1. Pack costumes.

Forget the yearly Halloween costume. Between Bay to Breakers, PRIDE, Folsom Street Fair, Burning Man decompressions, and so so many theme parties there’s always a reason to wear a costume. San Franciscans spend lots of time at Goodwill and on Haight Street, trying to score sequined leggings, rainbow wigs, tutus, and fairy wings. Most SF homes have a closet, or at least a few bins, dedicated to costume storage.

2. Some of the best parties happen at 7 AM.

Day Breaker and Morning Gloryville are monthly morning dance parties that happen before work. Rotating venues include dance clubs, malls, and even boats in the summer time. Instead of cocktails, coffee and breakfast is served and the dancing starts right after yoga. Expect people in costumes (of course) and bumping music, and bring a change of clothes so you can head to work when the party ends around 9 am.

3. Most SF offices are kind of like summer camp.

Startups seem to spend a significant amount of money to make sure their employees are having fun. So don’t be surprised when you meet a friend at her office and her desk is next to the office sliding pond, ball pit, rock wall, or open bar. Daily happy hours, three meals provided a day, ping-pong tournaments, and on-site massages are the makings of an all-inclusive resort… or a San Francisco office.

4. You’re going to see a lot of naked men.

SF’s free love history ensures that you’ll see many naked men during your time in the city. Nudity is totally accepted with nonchalance in San Francisco and it’s likely you’ll see many men roaming around the city wearing just a sock… or often nothing at all. The first time might be a shock, but as a local you’ll get as used to the nudity as you do to the fog.

5. The summer is COLD.

Yes, the oft-repeated Mark Twain quote about summer in San Francisco essentially being winter is true. Summer is the coldest time in the city, and the foggiest. You’ll be able to spot tourists in shorts and tee-shirts who expected a Californian summer and were shocked by temperatures in the 50’s. You’ll be able to spot locals by their Patagonia jackets, long pants, and smug looks.

6. Dating apps rule.

In a city of so many young people, it’s easy to expect to meet people to date. But in a city dominated by tech, it makes sense that most people resort to tech to find love. Expect all of your new friends and colleagues to be on a smorgasboard of dating apps. And if they aren’t using one, they’re probably writing code for a new one.
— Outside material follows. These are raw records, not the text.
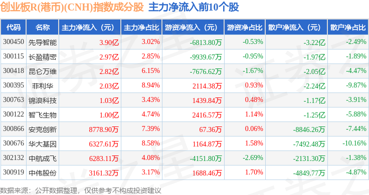 资金流向方面,创业板R(港币)(CNH)(470006)指数成份股当日主力资金净流出合计189.11亿元,游资资金净流入合计65.39亿元,散户资金净流入合计123.72亿元。成份股资金流向详情见下表:
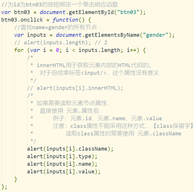- 获取,元素对象.属性名。例:element.value、element.id、element.className
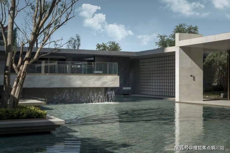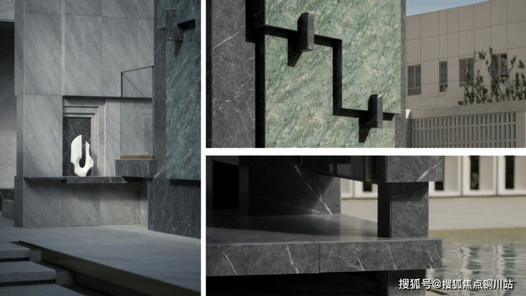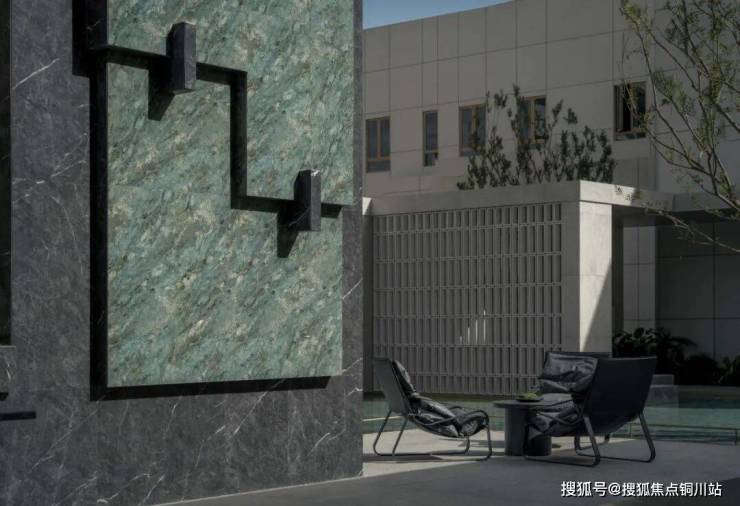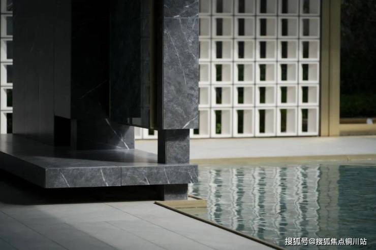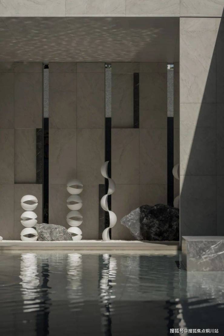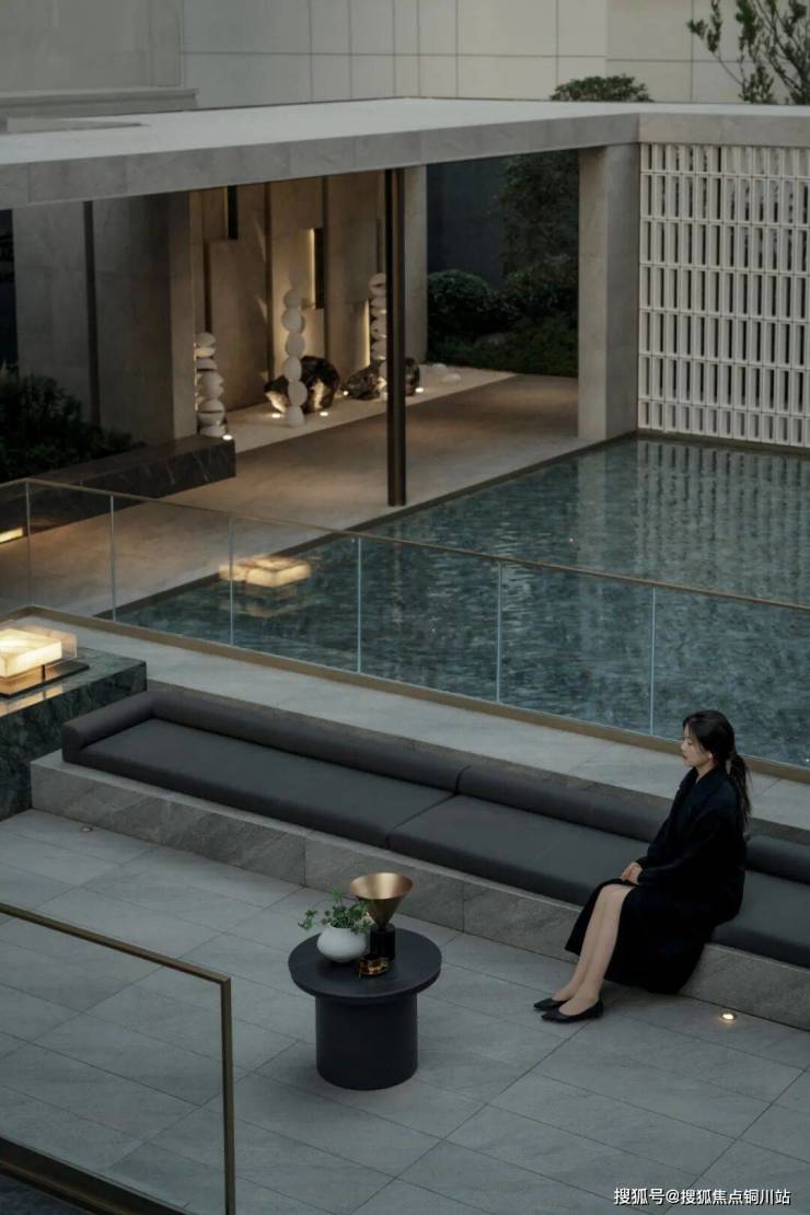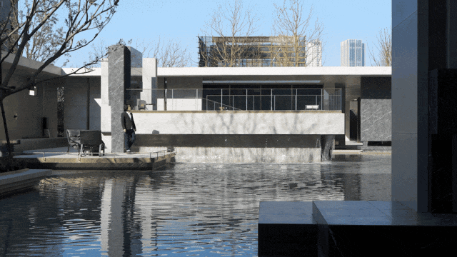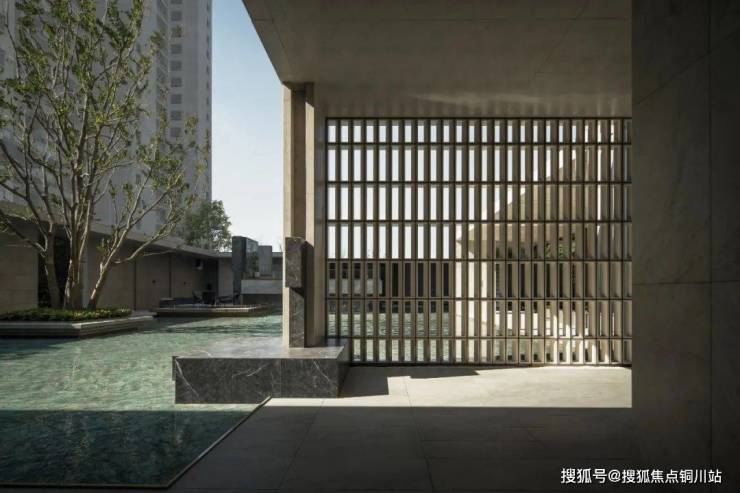沿门庭而入,一碧如镜,理水植绿。格栅与留白手法间隔,以回形连廊围合水院,引领着游人以游园的形式逐一探访水院各色社交空间。
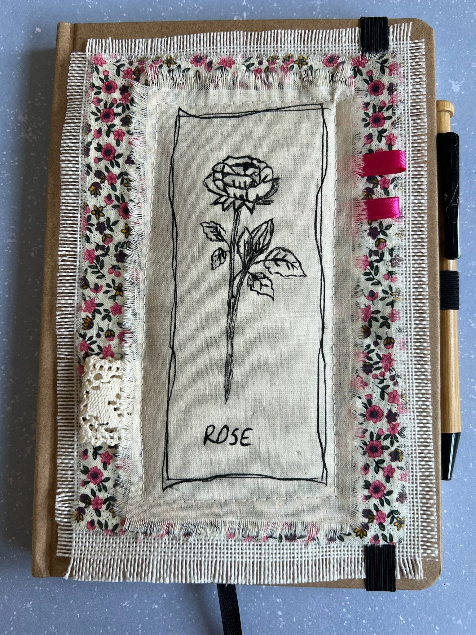 Dit schrift met harde craft kaft heb ik voorzien van een van stof gemaakte voorkant. De bloem heb ik er met vloeibare inkt, oude dip in pen en m.b.v. een lichtbak op het stof getekend. Geleverd met een balpen.

7. SF is not Southern California.

Yes, we have our own surfing scene on Ocean Beach, but forget the tan, blonde, shirtless men of the movies. Ocean Beach is cold and surfers are fully covered in wetsuits. Other people sit on the beach for sunsets and bonfires and dog walks, but are usually bundled up in fleece. Don’t expect the top-down convertible scene of Los Angeles — this is a whole different world where tech is valued above television and local “celebrities” include Mark Zuckerberg, not Brad Pitt.

8. Expect Neverland.

Jefferson Airplane’s Paul Kantner famously said, “San Francisco is 49 square miles surrounded by reality.” If you’re moving from a place where everyone in their mid 20’s is engaged and owns a home, you’re in for a surprise. The “grownups” of San Francisco aren’t totally grown up. Expect both married and single people in their 30’s and 40’s to be living with roommates and going to adult summer camp. It makes for a fun city, but if you’re looking to get married, buy a home, and settle down, expect that you won’t find much commonality within the city limits.